First there was a loud bang, not like the other explosions. Then there was a short silence. Finally, a whistling noise began to be heard, the sound of something approaching at great speed. “I jumped under the bench and lay down on my side. If I hadn’t heard that sound, I wouldn’t have hidden and I could have died.”
On April 8, 2022, Vladislav Kopichko was one of more than 500 people who were at Kramatorsk station waiting for a train to take them from the Donetsk region, in eastern Ukraine, away from the battlefront. By 10:28 am, the site was attacked with cluster bombs. “While I was under the bench I heard one more explosion and then ten more explosions,” reports Vladislav. As he got up, he noticed that beside him was a dead man and that he himself had wounds on his back, pelvis and buttocks.
At least 58 people were killed in the attack on Kramatorsk station and more than 100 were injured, making it one of the deadliest bombings for civilians since the start of the Russian invasion a year ago. Ukraine blamed Russia, which denied responsibility and said it was the Ukrainians who mounted “a provocation”.
on one long report Human Rights Watch (HRW) said on Tuesday that “evidence strongly indicates that the missile that killed and wounded civilians at Kramatorsk railway station was fired from Russian-controlled territory in eastern Ukraine.” The non-governmental organization accuses Russia of having committed a war crime.
Vladislav Kopichko was one of 69 people HRW interviewed in May last year when a team went to Kramatorsk to investigate the attack. More than 200 videos and photographs of the site, satellite images and areas previously occupied by Russian soldiers were also analysed. The organization believes it has identified the site from which the missile was launched, in Kunie, in the Kharkiv region.
A cluster bomb was used in the attack on the station: a Tochka-U ballistic missile – which both Russia and Ukraine have in their arsenals – carrying about 50 explosives inside. Fragmentation weapons are indiscriminately targeted as they burst in mid-air and scatter the smallest bombs over a large area. Many do not explode immediately and remain a hazard for years. There is a UN convention that prohibits their use, but neither Russia nor Ukraine are signatories.
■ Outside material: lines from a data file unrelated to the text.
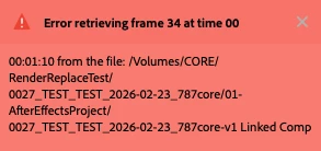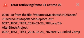 - Steps to reproduce – Render and replace a comp, restore unrendered, and render and replace again. Premiere gives “cannot find frame” errors until you close and open Premiere again.
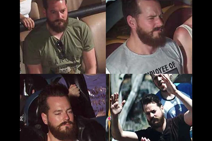 Meet Mr. Cool, the man who remains unfazed no matter how wild the ride gets. In a series of photos, his expression hardly changes, showcasing a mix of nonchalance and mild annoyance. Whether he’s gripping the safety bar or raising his hands, his calm demeanor contrasts sharply with the thrill of the roller coaster.
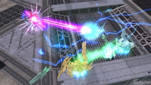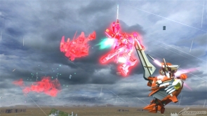 ▲大型推進器分離後的特殊格鬥會發動精神感應框架共鳴,麻痺自機周圍的機體。並同時會使用感應砲盾牌發動攻擊,是攻防一體的招式。
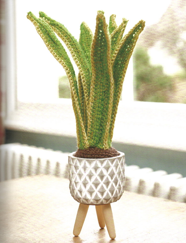 Verrijk uw interieur met een zelfgehaakte Sanseveria in pot, een blijvende blikvanger zonder water geven. Deze populaire kamerplant, bekend om zijn lange opstaande bladeren en ook wel vrouwentong of slangenplant genoemd, transformeert van een natuurlijk element naar een kunstzinnig haakproject. Dit patroon combineert de charme van botanische vormen met de duurzaamheid van handwerk, ideaal voor de liefhebber van unieke interieurdecoratie.
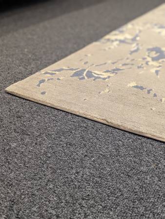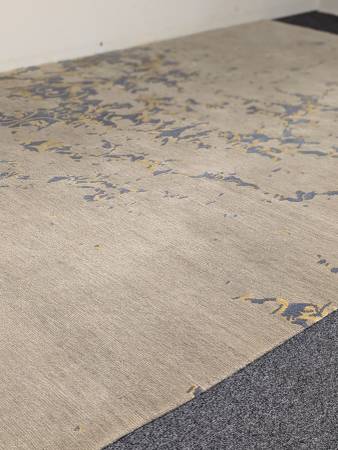 Abstract Rug Original Price Est by Consignor: $3,500.00 Our price: $698.00 Brand: Unknown Material : Unknown Color: Green, Grey, Yellow and Blue Tones Dimensions (inches): - 96" - 72.5" Length
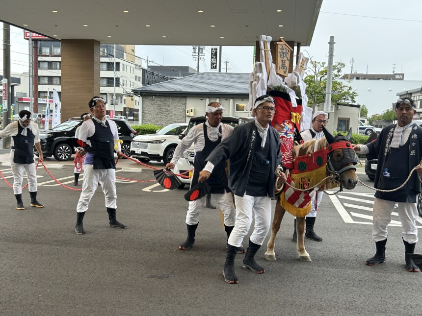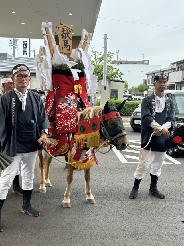 10/12(日)本地ヶ原警固隊の皆様とお馬さんが本地ヶ原店に来てくださり、お店の発展を祈願していただきました。

“Between 14 and 19 May, HRW identified 32 separate impact sites where ordnance landed and detonated, including on the ground around the train station, on the roof of the station, on platforms, next to nearby shops and in the car park. east of the main entrance to the station,” says the report. The impact marks were spread “over an area of approximately 55,000 square meters, equivalent to almost ten football fields.”
Next to Kunie, which is close to Izium, the organization was in a place that during the Russian occupation was used as a military base. Satellite images and photographs from last year appear to show Tochka-U missile storage. “They would load them, then drive into the fields or forests nearby and shoot from there. I heard several launches”, told HRW a resident of the area, who preferred to remain anonymous.
Based on videos and photographs from the station, HRW concluded that in Kramatorsk there was “no one wearing military uniforms” or “military equipment or vehicles” at the time of the attack. “Even if the use of the station and railway facilities in Kramatorsk were for military purposes, the April 8 attack would have been illegally disproportionate,” the report reads. “Bombing a train station in the morning, when it was full of civilian passengers, families and workers, instead of doing it at night, when it would be much less crowded, shows disrespect for the lives of civilians”, accuses HRW.
This is not the first time the organization has accused Russia of using cluster weapons in Ukraine. This will have happened right in the first days of war in Kharkiv, for example. “The brutal effects of cluster weapons on crowds of people should send a clear message to Russian forces to stop using these banned weapons,” said HRW researcher Richard Weir.